Naquela
manhã do rigoroso inverno de 1962 parecia que o mundo ia acabar, o céu estava
muito escuro, prenunciando um enorme temporal. A luz da cozinha foi acesa,
ouvi barulho de água da torneira enchendo uma chaleira e o barulho de alguns
fósforos sendo acesos, era mamãe que sempre levantava bem mais cedo do que
todos nós para fazer os preparativos para o café matinal.
O barulho incessante do vento assoprando ruidosamente lá fora, fazia-me encolher na cama e sentir um pouco de medo do fim do mundo, que naquela época já existia alguns profetas anunciando que iria chegar. Pensava que aquele dia seria realmente o final e tudo estaria acabado. Nunca mais poderia jogar a minha querida bola de capotão com papai que ganhara no Natal, não poderia mais brincar com meus coleguinhas de “mão na mula”, bolinha de gude, rodar pião, pega-pega e outras brincadeiras da época, sentia-me muito triste em ter que partir não sabendo pra onde, realmente não estava preparado para o fim do mundo. O passarinho do relógio cuco anunciou seis cantos, eram seis horas. Papai levantou e dirigiu-se ao banheiro para sua ablução matinal, eu encolhi-me na cama um pouco mais e fiquei esperando ser chamado por mamãe para ir à escola.

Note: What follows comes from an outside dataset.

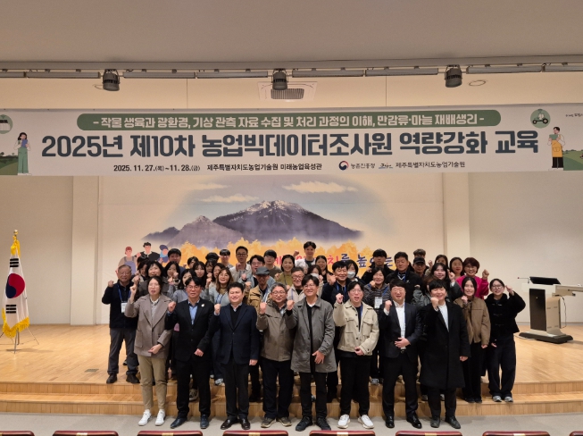 [뉴스스텝] 제주특별자치도 농업기술원(원장 고상환)이 27일부터 28일까지 미래농업육성관 대강당에서 ‘2025년 농업빅데이터조사원 역량강화 교육’을 연다.

O cheiro agradabilíssimo de café coado por mamãe invadia todos os cômodos da
casa e coloquei-me de pé rapidamente. Assim que papai saiu do banheiro eu
entrei para tomar banho e fiquei imaginando irmos para escola sob aquele
temporal que não demoraria muito a desabar. Mamãe apressou-me com alguns toques
na porta, saí e sentei-me preocupadíssimo a mesa para tomar café com rabanadas
que papai tanto apreciava. Naquele dia eu estava muito introspectivo, calado,
sério e todos notaram, mas continuaram a falar do cotidiano sem fazer
comentários a meu respeito.
Papai deu um beijo na mamãe, um beijo na minha testa e saiu apressado para o
trabalho debaixo de alguns pingos que começara a cair. Logo em seguida eu e
mamãe saímos para a escola. Iria ter aula de desenho e a professora Judite
deixou bem claro que quem não trouxesse lápis de cor não entraria na sala.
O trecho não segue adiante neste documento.